Adobe Commerce | Cross-site Scripting (Stored XSS) (CWE-79)

Root

Cause

CVE-2025-54264 is a stored Cross-Site Scripting (XSS) vulnerability in Adobe Commerce (and related Magento Open Source) affecting the listed versions. The issue originates from insufficient sanitization of form fields, allowing a high-privileged attacker to inject arbitrary JavaScript into the application's data store. This is a classic XSS flaw where the injected script is persisted on the server and served to other users [1][2].

Exploitation

The attack requires an authenticated user with high privileges (e.g., an admin or other powerful role) to inject the malicious script into a vulnerable form field. The attacker does not require any interaction from the victim at the moment of injection. However, for the impact to occur, a victim (a different user) must browse to the page that renders the vulnerable field. No additional privileges are needed on the victim's part; simply viewing the infected page triggers the payload in their browser [1].

Impact

Successful exploitation allows the attacker to execute arbitrary JavaScript in the victim's browser session.

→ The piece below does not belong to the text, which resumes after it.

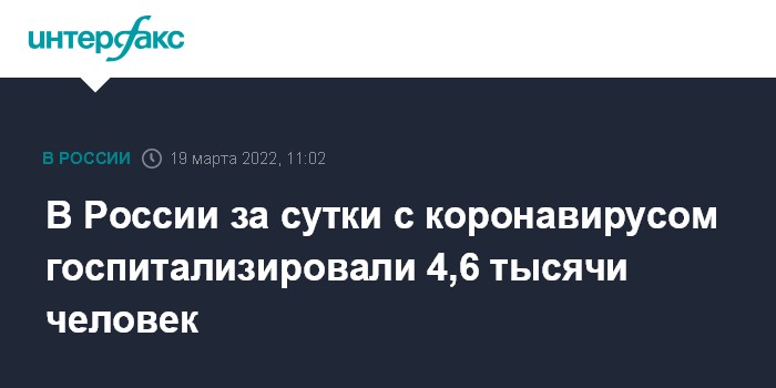 Москва. 19 марта. INTERFAX.RU - В России за сутки в больницы попали 4 564 пациента с коронавирусом, следует из данных оперативного штаба, обнародованных в субботу.

This can lead to session hijacking (session takeover), where the attacker can impersonate the victim and perform actions on their behalf, potentially including accessing sensitive data or performing administrative operations. The CVSS score reflects a high impact on confidentiality and integrity, and the scope is changed, meaning the vulnerability can affect resources beyond the original application's boundaries (e.g., the victim's other browser tabs) [1].

Mitigation

Adobe has released security updates that fix this vulnerability in the following versions: Adobe Commerce 2.4.9-alpha2, 2.4.8-p2, 2.4.7-p7, 2.4.6-p12, 2.4.5-p14, 2.4.4-p15, and later. Users should upgrade to these or newer versions. Adobe also recommends applying general security best practices, such as limiting admin privileges, as a defense-in-depth measure [1][2].